* _Task objective_
Transcribe every record in full, keeping it exactly the same.

[Stored records]
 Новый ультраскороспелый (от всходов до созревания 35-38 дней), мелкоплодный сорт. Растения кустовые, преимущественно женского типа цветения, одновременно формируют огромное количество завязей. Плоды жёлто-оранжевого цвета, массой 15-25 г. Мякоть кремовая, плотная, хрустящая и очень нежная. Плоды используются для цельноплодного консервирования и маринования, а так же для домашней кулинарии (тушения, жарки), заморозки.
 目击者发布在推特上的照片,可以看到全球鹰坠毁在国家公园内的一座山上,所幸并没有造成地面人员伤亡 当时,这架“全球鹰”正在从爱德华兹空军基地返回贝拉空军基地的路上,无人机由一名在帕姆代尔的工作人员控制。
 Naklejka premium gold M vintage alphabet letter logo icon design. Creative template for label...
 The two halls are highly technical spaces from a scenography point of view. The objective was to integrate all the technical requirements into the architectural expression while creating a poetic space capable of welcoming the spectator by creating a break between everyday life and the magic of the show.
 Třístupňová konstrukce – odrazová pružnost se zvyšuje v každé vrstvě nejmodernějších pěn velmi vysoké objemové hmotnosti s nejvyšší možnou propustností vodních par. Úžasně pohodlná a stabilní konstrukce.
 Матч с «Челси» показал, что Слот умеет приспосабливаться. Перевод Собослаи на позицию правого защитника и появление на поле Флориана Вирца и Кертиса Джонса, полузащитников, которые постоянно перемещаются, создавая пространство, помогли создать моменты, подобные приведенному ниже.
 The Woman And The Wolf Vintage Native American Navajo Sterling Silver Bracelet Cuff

* _Solved exercise_
 Новый ультраскороспелый (от всходов до созревания 35-38 дней), мелкоплодный сорт. Растения кустовые, преимущественно женского типа цветения, одновременно формируют огромное количество завязей. Плоды жёлто-оранжевого цвета, массой 15-25 г. Мякоть кремовая, плотная, хрустящая и очень нежная. Плоды используются для цельноплодного консервирования и маринования, а так же для домашней кулинарии (тушения, жарки), заморозки.
 目击者发布在推特上的照片,可以看到全球鹰坠毁在国家公园内的一座山上,所幸并没有造成地面人员伤亡 当时,这架“全球鹰”正在从爱德华兹空军基地返回贝拉空军基地的路上,无人机由一名在帕姆代尔的工作人员控制。
 Naklejka premium gold M vintage alphabet letter logo icon design. Creative template for label...
 The two halls are highly technical spaces from a scenography point of view. The objective was to integrate all the technical requirements into the architectural expression while creating a poetic space capable of welcoming the spectator by creating a break between everyday life and the magic of the show.
 Třístupňová konstrukce – odrazová pružnost se zvyšuje v každé vrstvě nejmodernějších pěn velmi vysoké objemové hmotnosti s nejvyšší možnou propustností vodních par. Úžasně pohodlná a stabilní konstrukce.
 Матч с «Челси» показал, что Слот умеет приспосабливаться. Перевод Собослаи на позицию правого защитника и появление на поле Флориана Вирца и Кертиса Джонса, полузащитников, которые постоянно перемещаются, создавая пространство, помогли создать моменты, подобные приведенному ниже.
 The Woman And The Wolf Vintage Native American Navajo Sterling Silver Bracelet Cuff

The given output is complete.